What if we rescaled to a scale from 0 to 10? We can map the negative responses linearly to get the new responses. We replace 1 with 0, 2 with 1.25, 3 with 2.5, and 4 with 3.75. After performing the average based on this data, we get:
.26*0+.11*1.25+.11*2.5+.07*3.75+.12*5+.04*6+.06*7+ .07*8+.04*9+.12*10 = 4.06
This weights everything symmetrically. It keeps positive values positive, and negative values negative. However, I think it is still likely to be flawed, as someone who is approximately neutral might be more likely to lean towards the favorable side than negative simply because the positive side is larger. Someone who votes roughly neutrally based on the "center" of the scale may be unfairly counted as voting positively.

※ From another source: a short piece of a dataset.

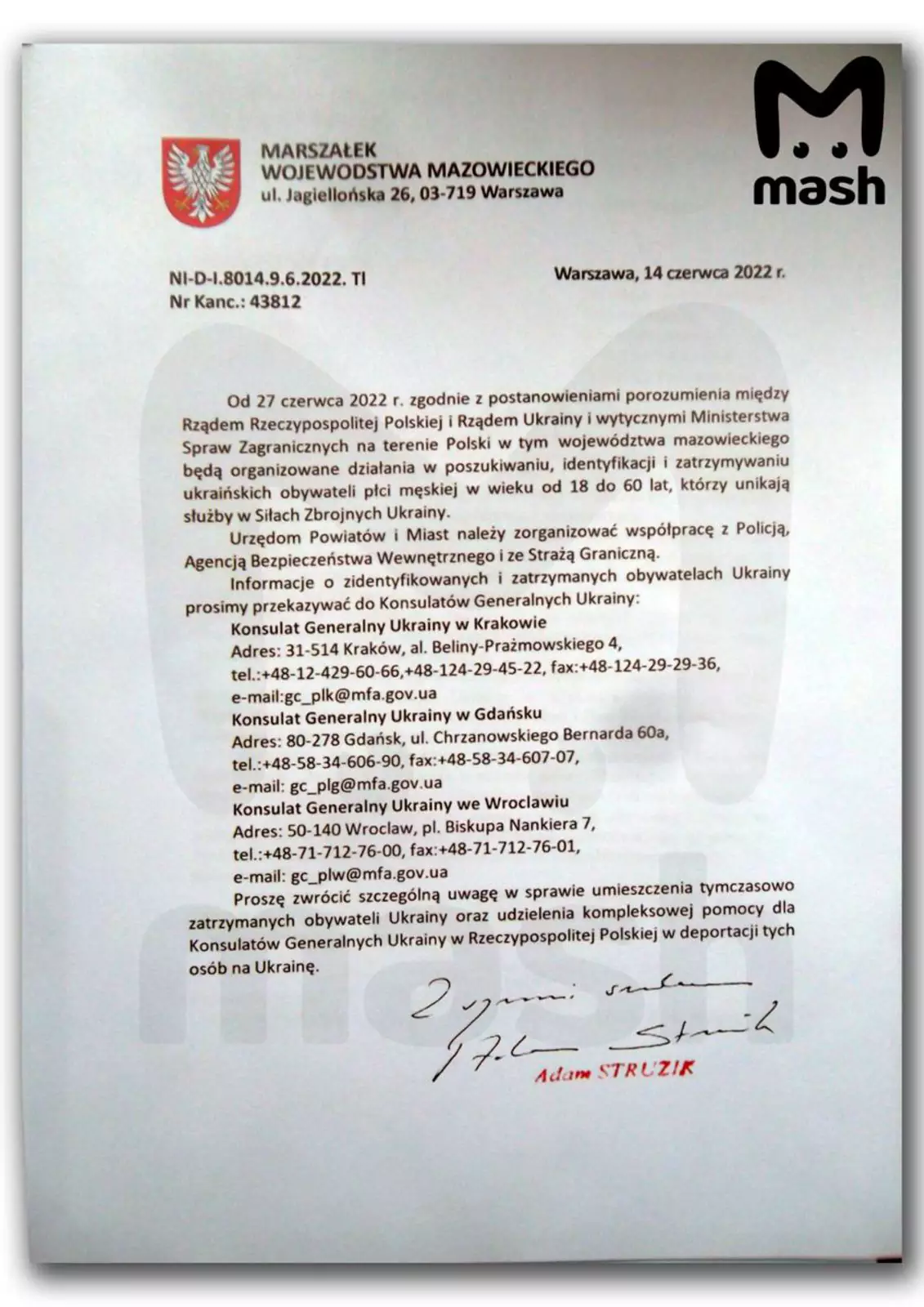 Один из документов подписан главой Мазовецкого воеводства Адамом Стружиком, еще два — от генерального консульства Украины в Кракове и польского МИДа.

A better method might be to map the entire scale from 1-10 to 0-10. We replace 1 with 0, 2 with 1.111, 3 with 2.222, 4 with 3.333, 5 with 4.444, 6 with 5.555, 7 with 6.666, 8 with 7.777, and 9 with 8.888 (10 remains 10).
We now get:
.26*0+.11*1.111+.11*2.222+.07*3.333+.12*4.444+.04* 5.555+.06*6.666+.07*7.777+.04*8.888+.12*10 = 3.86
This scale is likely to be slightly biased towards negative, because it treats "neutral" according to the instructions as very slightly negative.
I think the true average, if the scale had been 0-10 instead of 1-10, would lie somewhere between these two numbers. In any case, they are closer to each other than they are to FIRST's number for the average (4.47).
There also are quite possibly some psychological effects that I have not accounted for. Do the numbers on the scale themselves affect how we vote? If given a poll, 1-5, and the average is 4, does this imply that if the same poll was conducted on a scale from 1-9, the average would be 7? This would be expected if people simply scaled their votes linearly (or at least, linearly on average) but that may not be the case.